Je ne suis pas tout à fait d’accord. En fait, je dirais plutôt que la direction du Gîte Ami et tous les autres intervenants ont fait preuve d’une grande humanité en cette nuit du jour de l’An.

Mais rectifions d’abord un fait. La Croix-Rouge est bel et bien intervenue lorsque les usagers du Gîte Ami ont été chassés de leur refuge par l’incendie. La soixantaine de lits de camp qu’on a pu installer au centre Fontaine ont été fournis par la Croix-Rouge. 

Alors pourquoi n’a-t-on pas offert des chambres d’hôtel aux sans-abri comme ce fut le cas à l’égard des sinistrés des inondations et des tornades des dernières années ? J’ai posé la question à Lise Paradis, la directrice du Gîte Ami.

« L’hébergement en hôtel n’était pas une solution facile, a-t-elle répondu. Nous avons une clientèle qui a des besoins particuliers.
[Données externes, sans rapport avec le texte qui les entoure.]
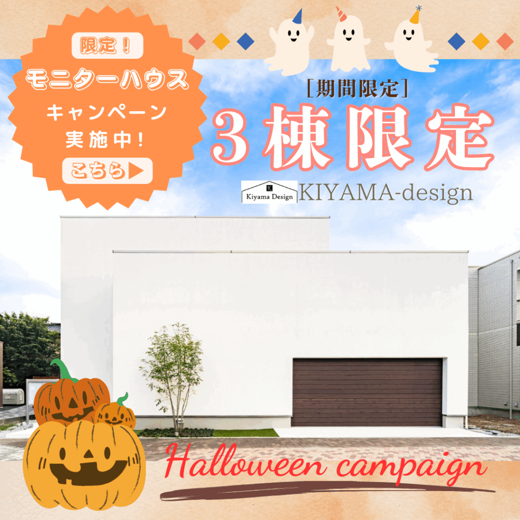 【10月イベント】ハロウィン期間限定!モニターハウスキャンペーン開催中! プロの目線からご提案。静岡市・焼津市・藤枝市の注文住宅・新築戸建てを手がける工務店なら当社へ。KIYAMA DESIGN(キヤマデザイン)コラム 静岡市・焼津市・藤枝市の新築・注文住宅・新築戸建てを手がける工務店 最新情報を更新。KIYAMA DESIGN(キヤマデザイン)のコラム 【10月イベント】ハロウィン期間限定!モニターハウスキャンペーン開催中!
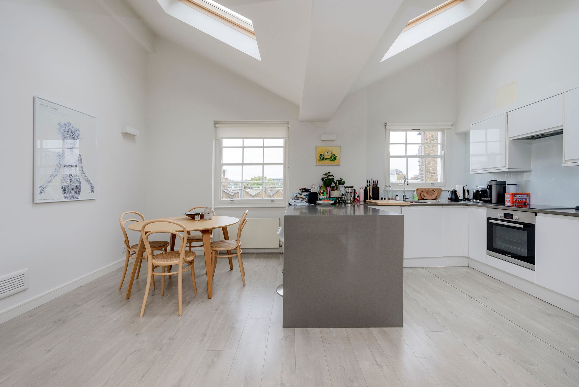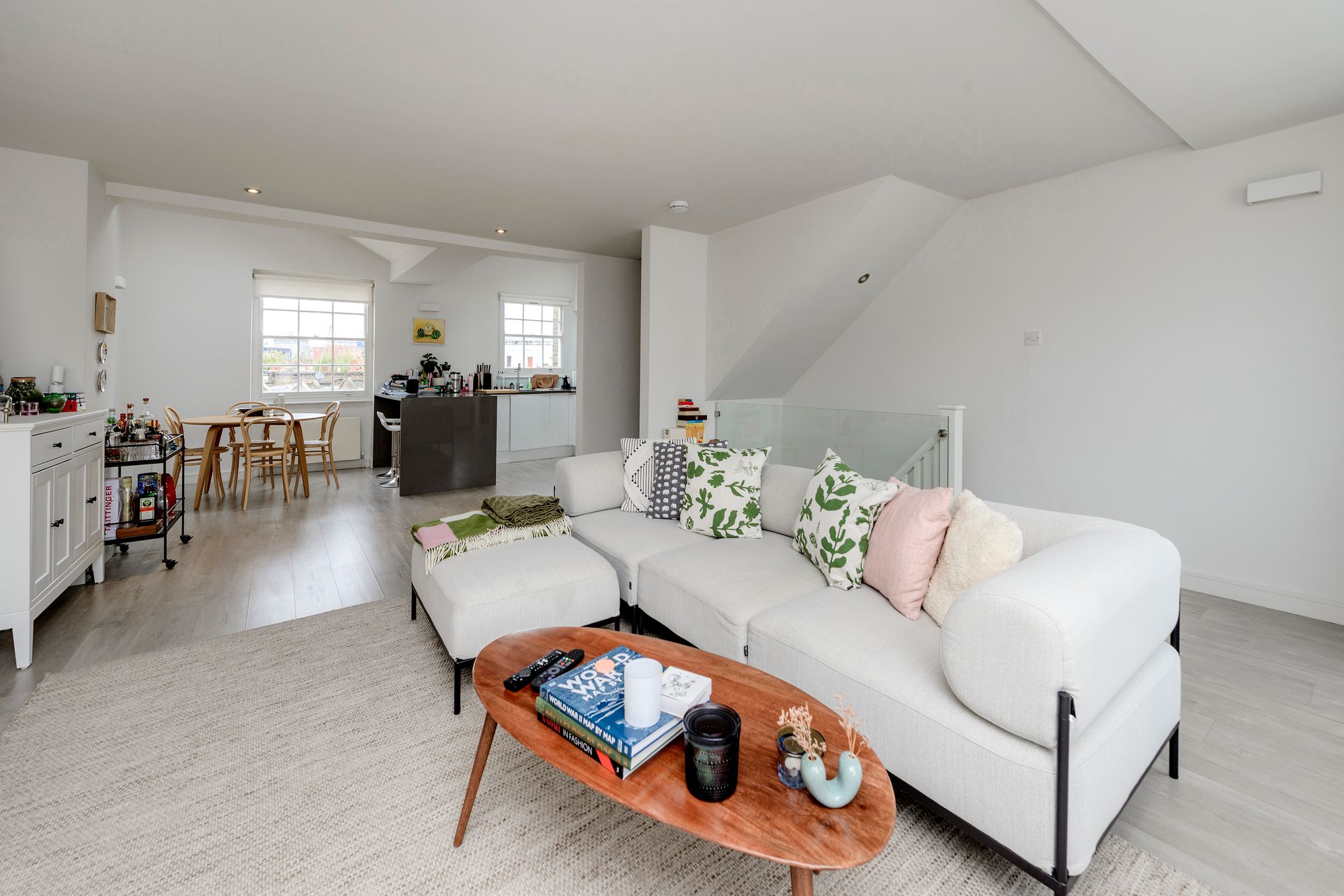 Set across the top of a handsome Notting Hill town house on a quiet cul-de-sac, the home has been refurbished with great attention to detail. The open-plan kitchen and reception is bathed in natural light from two aspects, creating a striking space for both everyday living and entertaining. A secluded decked terrace extends from the apartment, offering privacy and calm above the surrounding streets.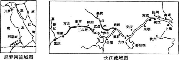 (2)试从气候条件和水系条件分析流经三峡工程的年径流量远高于流经阿斯旺工程的年径流量的原因:
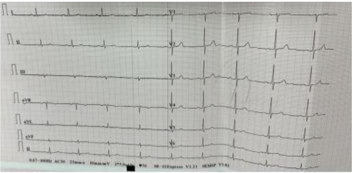 Transthoracic echocardiography was performed and showed no structural cardiac abnormalities, with a left ventricular ejection fraction (LVEF) of 60%.
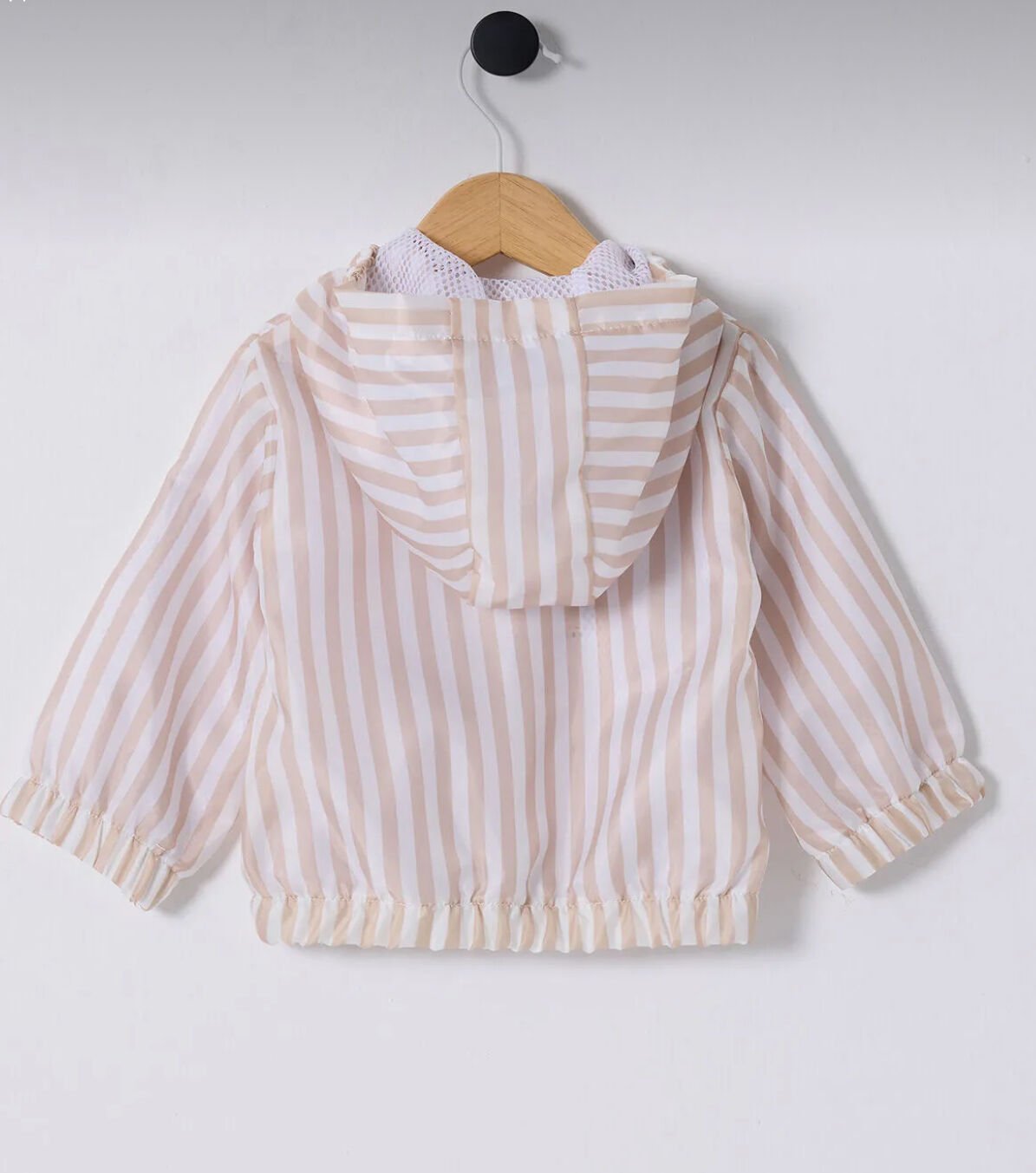 Bej renkte, şık çizgili tasarımıyla dikkat çeken bu erkek çocuk yağmurluğu, hafif dokuma polyamid kumaşı ve su geçirmez yapısıyla yağmurlu havalarda minikleri kuru tutar. Uzun kollu ve kapüşonlu yapısı sayesinde rüzgara karşı da etkili koruma sağlar.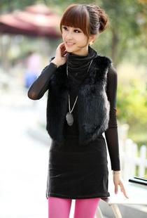 2015春秋季女士仿兔毛馬甲狐貍毛馬夾背心坎肩女海寧皮革 /

On a des personnes qui ont des problèmes de santé mentale légers et sévères et qui ont besoin d’un encadrement constant. Nous n’aurions pas pu fournir cet encadrement à ces gens dans un hôtel. »

« Aussi, c’était la veille du jour l’An, a-t-elle ajouté. Certains étaient en état de consommation et d’autres en état d’ébriété. Je ne voulais pas qu’ils arrivent à l’hôtel et qu’ils ne soient pas acceptés. Avec tout ce qu’ils venaient de vivre, on ne pouvait pas leur faire ça. Et on ne pouvait pas non plus commencer à trier et dire : “Toi tu peux y aller (à l’hôtel), toi tu ne peux pas.” Nous avions une urgence, une crise, et il fallait rapidement trouver une solution convenable pour tous. »

Voilà pourquoi on n’a pas offert de chambres d’hôtel aux usagers du Gîte Ami ce soir-là.

Pouvait-on vraiment procéder à un triage entre les « moins puckés » et les « trop puckés » ? L’exercice aurait été inhumain. Pouvait-on soumettre certains usagers à l’humiliation d’être refusés par la direction d’un hôtel qui les aurait peut-être jugés persona non grata ? Pouvez-vous imaginer une telle scène ? On promet à un usager une chambre d’hôtel, une chambre à lui tout seul (!). Une confortable chambre munie d’un grand lit douillet, d’une télévision, d’une cafetière, d’une douche ! Puis à la réception, cet usager se fait ni plus ni moins dire qu’il n’y pas de chambre de disponible pour des gens comme… lui. Vous imaginez la scène ? Vous imaginez la déception, l’humiliation et le profond sentiment de rejet chez cette personne ?

Et on ne pouvait certainement pas imposer aux employés d’un hôtel la lourde responsabilité d’encadrer des « clients » souffrant de problèmes de santé mentale. Un Holiday Inn n’est pas un hôpital psychiatrique. Et une personne qui souffre de problèmes mentaux ne pouvait pas être laissée à elle-même en pleine nuit, seule au monde dans une chambre d’hôtel. Sa sécurité aurait été mise en danger. 

Voilà pourquoi l’hébergement en hôtel n’était pas une solution en cette triste nuit du 31 décembre.

On a rejeté cette proposition… par humanité.